Discovery of in Vivo Chemical Probes for Treating Alzheimer's Disease: Dual Phosphodiesterase 5 (PDE5) and Class i Histone Deacetylase Selective Inhibitors
Rabal, Obdulia,Sánchez-Arias, Juan A.,Cuadrado-Tejedor, Mar,De Miguel, Irene,Pérez-González, Marta,García-Barroso, Carolina,Ugarte, Ana,Estella-Hermoso De Mendoza, Ander,Sáez, Elena,Espelosin, Maria,Ursua, Susana,Haizhong, Tan,Wei, Wu,Musheng, Xu,Garcia-Osta, Ana,Oyarzabal, Julen
, p. 1765 - 1782 (2019/01/08)
In order to determine the contributions of histone deacetylase (HDAC) isoforms to the beneficial effects of dual phosphodiesterase 5 (PDE5) and pan-HDAC inhibitors on in vivo models of Alzheimer's disease (AD), we have designed, synthesized, and tested novel chemical probes with the desired target compound profile of PDE5 and class I HDAC selective inhibitors. Compared to previous hydroxamate-based series, these molecules exhibit longer residence times on HDACs.
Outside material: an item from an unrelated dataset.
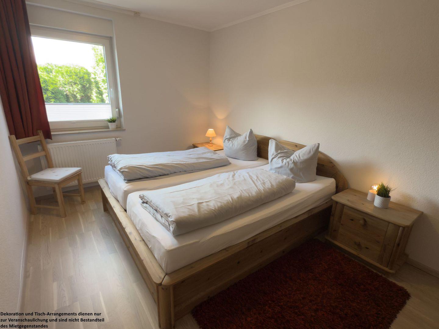 Das zweite Schlafzimmer verfügt über zwei komfortable Einzelbetten und greift ebenfalls die warmen Töne auf – ein idealer Rückzugsort für Kinder, Freunde oder weitere Familienmitglieder.
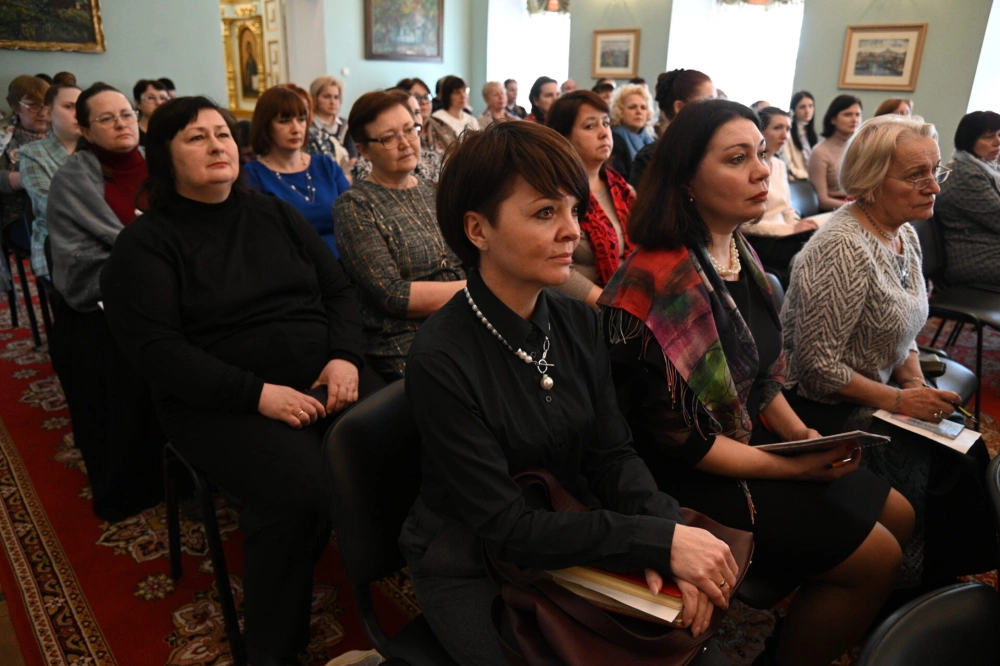 В зале собрались представители органов местного самоуправления, осуществляющие управление в сфере образования – муниципальные координаторы в области духовно-нравственного и патриотического воспитания, руководители районных методических объединений учителей, реализующие предметные области ОРКСЭ и ОДНКНР, участники конкурса, педагогические работники.

In this scenario, shorter or longer preincubation times may have a significant impact on the IC50 values of these compounds and therefore on their corresponding selectivity profiles on the different HDAC isoforms. On the other hand, different chemical series have been explored and, as expected, some pairwise comparisons show a clear impact of the scaffold on biological responses (e.g., 35a vs 40a). The lead identification process led to compound 29a, which shows an adequate ADME-Tox profile and in vivo target engagement (histone acetylation and cAMP/cGMP response element-binding (CREB) phosphorylation) in the central nervous system (CNS), suggesting that this compound represents an optimized chemical probe; thus, 29a has been assayed in a mouse model of AD (Tg2576).